In 1900 he left Cyprus for Naples where he studied philosophy and then to Athens for theology studies. He also traveled to Egypt in search of employment. On his return he began working as a teacher in the capital Nicosia. He first worked at the Pancyprian Gymnasium from 1910 to 1912 as a French language teacher and then at The English School. He also served as the first headmaster of the Mitsis Commercial Academy at Lemithou.

Lipertis died in Nicosia in 1937.

In 1978, his portrait was depicted on one of two stamps in a commemorative issue themed on Cypriot poets. The other stamp depicted Vasilis Michaelides.

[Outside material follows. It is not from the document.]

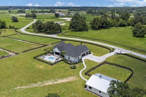 PRIVATE/OWNER FINANCING Options available for qualified purchasers. Just minutes from the World Equestrian Center and Golden Ocala Golf & Equestrian Club, this extraordinary 2023-built estate presents a rare convergence of modern architectural elegance and world-class equestrian functionality, all set across nearly 11 impeccably manicured acres behind private gates. Designed for the discerning equestrian, the property features a professional 105' x 150' riding arena with premium clay footing, four spacious barn stalls, an air-conditioned tack room, and dual wash racks, all thoughtfully positioned for efficiency, comfort, and horse welfare. Fully fenced and irrigated pastures and paddocks with water throughout provide an ideal environment for training, turnout, and long-term care, while two gated entrances ensure privacy, security, and seamless access for trailers and service vehicles.
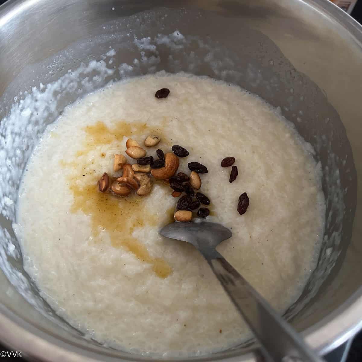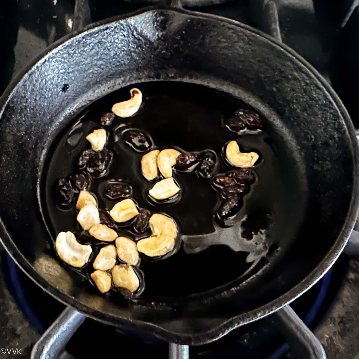 - Now in a separate tempering pan, heat the ghee. Once the ghee is hot, add the cashews and raisins, and fry until golden brown.

Outside the theater of the Municipality of Strovolos, his bust is decorating the entrance on the left while the bust of Vasilis Michaelides stands on the right side.

==Works==
He wrote and published some poetry in katharevousa but the main body of his work is in the Cypriot Dialect. Some of his poems have been set to music by Cypriot composer Achilleas Lymbouridis and Greek composer Dimitris Layios. He is considered as one of the most prominent modern Cypriot poets and has been the theme of stamps issued by the Cyprus Post Office.

He published 3 collections of poems:
- 1891 - The relaxed harp (Halaromeni Lira - Χαλαρωμένη Λύρα)
- 1898 - Stoni (Στόνοι)
- 1923 - The Cypriot Songs (Tzipriotika Tragoudia - Τζ'υπριώτικα Τραούδκια)
In addition his private letters to various people were characterized by a vivid and intelligent content with clever humor and literary merit.